暗殺者の一人が、薔薇の植え込みを突っ切って一気にこちらへと走り寄ってくる。同時に、フィルバートが自身の左腰に下げた剣を引き抜いた。月明かりに剣先がギラリと鈍く光るのが見えた瞬間、フィルバートの振るった剣が暗殺者の身体を斜めに切り裂いていた。
「ギャッ!」
踏まれた猫のような絶叫とともに、暗殺者の身体から噴き出た血が薔薇に飛び散る。途端、薔薇の匂いに混じって、深い血臭が鼻孔に潜り込んできた。そのまま、薔薇の中に埋もれるようにして暗殺者が倒れる。
突然の光景にニアが硬直していると、フィルバートが鋭い声をあげた。
「ニア・ブラウン! さっさと動けッ!」
冷静な見た目に似合わぬ、がなり立てるような叫び声に身体がビクッと跳ねる。
だが、こんなことは前の人生では起こらなかった出来事だ。バンケットの夜に、第一王子が暗殺者に襲われたなんて話は聞いた覚えがない。なぜ前の人生とまったく違うことが起きているのか。
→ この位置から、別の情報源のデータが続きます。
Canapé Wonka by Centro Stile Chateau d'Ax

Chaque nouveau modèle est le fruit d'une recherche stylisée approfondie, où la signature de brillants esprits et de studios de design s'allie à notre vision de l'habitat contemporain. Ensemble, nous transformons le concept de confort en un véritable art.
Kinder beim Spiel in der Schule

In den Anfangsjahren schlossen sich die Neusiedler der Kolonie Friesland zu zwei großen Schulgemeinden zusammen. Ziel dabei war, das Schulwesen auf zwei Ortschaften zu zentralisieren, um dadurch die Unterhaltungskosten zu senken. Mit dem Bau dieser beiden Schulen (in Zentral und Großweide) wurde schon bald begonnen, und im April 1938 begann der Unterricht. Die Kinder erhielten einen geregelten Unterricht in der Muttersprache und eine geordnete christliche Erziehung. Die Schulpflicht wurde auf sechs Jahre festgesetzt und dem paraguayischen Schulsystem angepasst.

だが、今はゆっくりと考え込んでいる暇はない。混乱しながらも、ニアはとっさに周囲を見渡した。暗殺者たちの人数は、今フィルバートが倒した一人を含めて合計五人のようだ。残り四人の暗殺者たちは、ジリジリとこちらへと距離を詰めてきている。
動けと言われても、ニアの手元には戦う武器すらなかった。先ほど倒れた暗殺者の短刀は、薔薇の中に埋もれて見えなくなってしまっている。
こんなことならヘンリーから剣を奪ってきていればよかったと舌打ちを漏らしそうになったとき、離れた場所から大きな声が聞こえた。
「お兄さまッ!」
視線を向けると、片手に長い棒を持ったダイアナが、大きく振りかぶっているのが見えた。そのままダイアナが勢いよくこちらへと棒を投げ付けてくる。風を切って飛んでくる棒を、ニアは片手で掴み取った。それは温室に置かれていた添え木用の棒のようだった。長さは一メートル半程度と、十分な長さと硬さがある。
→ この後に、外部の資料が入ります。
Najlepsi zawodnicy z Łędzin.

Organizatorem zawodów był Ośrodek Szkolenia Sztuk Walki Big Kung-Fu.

棒を受け取るのと同時に、ニアはダイアナへと向かって叫んだ。
「隠れてろッ!」
そう叫んだ直後、四人の暗殺者たちが一斉に襲いかかってきた。
短剣を突き出してくる暗殺者の腕へと向かって、ニアは両手に握った棒を思いっきり振り上げた。次の瞬間、ゴギッと嫌な音を立てて、棒がぶち当たった暗殺者の腕が逆方向に折れるのが見えた。同時に、暗殺者がつんざくような悲鳴を上げる。その隙を逃さず、ニアは暗殺者の側頭部に棒を叩きつけた。ゴッという鈍い音と同時に、暗殺者の身体が真横に吹っ飛んでいく。
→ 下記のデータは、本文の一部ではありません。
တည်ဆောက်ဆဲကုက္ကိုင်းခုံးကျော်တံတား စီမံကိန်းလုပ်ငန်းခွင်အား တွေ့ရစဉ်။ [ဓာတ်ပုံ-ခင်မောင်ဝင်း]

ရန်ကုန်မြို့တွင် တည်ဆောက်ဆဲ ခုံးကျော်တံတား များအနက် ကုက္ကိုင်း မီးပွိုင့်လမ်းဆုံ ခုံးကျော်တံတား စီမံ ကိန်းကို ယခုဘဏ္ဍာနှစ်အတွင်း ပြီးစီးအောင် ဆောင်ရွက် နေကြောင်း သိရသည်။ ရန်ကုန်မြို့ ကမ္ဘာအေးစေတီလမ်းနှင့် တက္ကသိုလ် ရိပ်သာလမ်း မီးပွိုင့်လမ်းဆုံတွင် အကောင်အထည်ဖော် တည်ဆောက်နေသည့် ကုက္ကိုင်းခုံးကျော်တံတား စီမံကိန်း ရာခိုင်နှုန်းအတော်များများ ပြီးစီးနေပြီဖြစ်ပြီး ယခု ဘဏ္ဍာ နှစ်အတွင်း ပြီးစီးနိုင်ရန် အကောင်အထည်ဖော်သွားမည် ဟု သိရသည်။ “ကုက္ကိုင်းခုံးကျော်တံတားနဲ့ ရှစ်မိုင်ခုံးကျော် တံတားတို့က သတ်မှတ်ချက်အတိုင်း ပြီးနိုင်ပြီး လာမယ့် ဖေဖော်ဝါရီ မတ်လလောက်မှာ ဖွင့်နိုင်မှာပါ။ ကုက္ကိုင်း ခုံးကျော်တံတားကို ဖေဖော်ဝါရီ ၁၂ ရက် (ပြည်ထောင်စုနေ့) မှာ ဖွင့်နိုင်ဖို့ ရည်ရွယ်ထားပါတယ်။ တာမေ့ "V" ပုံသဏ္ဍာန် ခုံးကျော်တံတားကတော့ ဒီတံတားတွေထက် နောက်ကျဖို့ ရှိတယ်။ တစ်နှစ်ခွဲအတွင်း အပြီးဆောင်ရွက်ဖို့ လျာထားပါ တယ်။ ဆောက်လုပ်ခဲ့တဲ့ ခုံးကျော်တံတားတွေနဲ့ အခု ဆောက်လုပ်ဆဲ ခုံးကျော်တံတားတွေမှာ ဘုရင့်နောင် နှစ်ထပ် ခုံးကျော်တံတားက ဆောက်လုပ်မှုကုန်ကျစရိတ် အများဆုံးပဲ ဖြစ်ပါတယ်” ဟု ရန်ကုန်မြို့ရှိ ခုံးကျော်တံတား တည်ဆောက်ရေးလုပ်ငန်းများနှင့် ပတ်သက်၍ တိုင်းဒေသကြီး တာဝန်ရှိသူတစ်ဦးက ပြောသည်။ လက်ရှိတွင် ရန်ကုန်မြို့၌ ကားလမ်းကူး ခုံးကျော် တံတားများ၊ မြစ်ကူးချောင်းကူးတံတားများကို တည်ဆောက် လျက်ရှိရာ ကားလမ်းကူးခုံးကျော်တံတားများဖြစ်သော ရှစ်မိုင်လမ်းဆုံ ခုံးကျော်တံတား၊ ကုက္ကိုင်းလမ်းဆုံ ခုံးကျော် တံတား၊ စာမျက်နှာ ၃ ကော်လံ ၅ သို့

その様が視界に映ったのか、フィルバートが暗殺者の首を切り裂きながら笑い声混じりに呟いた。
「噂通りの馬鹿力だな」
こんな切羽詰まった状態だというのに、のんきな口調をあげるところが腹立たしかった。更に言えば、ニアに守れと言ったくせに全然守られる気がない、というか守る必要がないぐらいに隙のない剣捌きも憎たらしい。ニアよりも三歳年下と思えないほどにフィルバートは強く、人を斬ることに一切の迷いが感じられなかった。
「今は集中してください!」
ニアが礼儀も忘れて言い放つと、視界の端でフィルバートが緩く肩をすくめた。
フィルバートと背中合わせになって、それぞれが残った暗殺者と対峙する。流石に仲間を三人も失って警戒しているのか、距離を取ってこちらの様子をうかがっていた。
それを見て、フィルバートがニアにだけ聞こえるように小さな声で呟いた。
「行くぞ」
「はい」
当然のように、自分の口から同意の声が零れた。フィルバートが地面を蹴るのと同時に、ニアも暗殺者に向かって走り出した。
袈裟懸けに振り下ろされる剣を棒で受け止めて、そのまま暗殺者の至近距離まで近付く。頭を大きく後ろに反らすと、ニアは目の前の暗殺者の額へと向かって勢いよく額を叩きつけた。ゴヅッという骨同士がぶつかる音が響いて、暗殺者の咽喉から鈍い悲鳴が溢れる。
その瞬間を逃さず、ニアは暗殺者の手から短剣をもぎ取った。のけぞる暗殺者の心臓めがけて、短剣を一気に突き刺す。同時に、暗殺者の身体がビクッと捌かれた魚のように跳ねるのが見えた。ビクビクと数度跳ねた後、崩れるように地面へと仰向けに倒れていく。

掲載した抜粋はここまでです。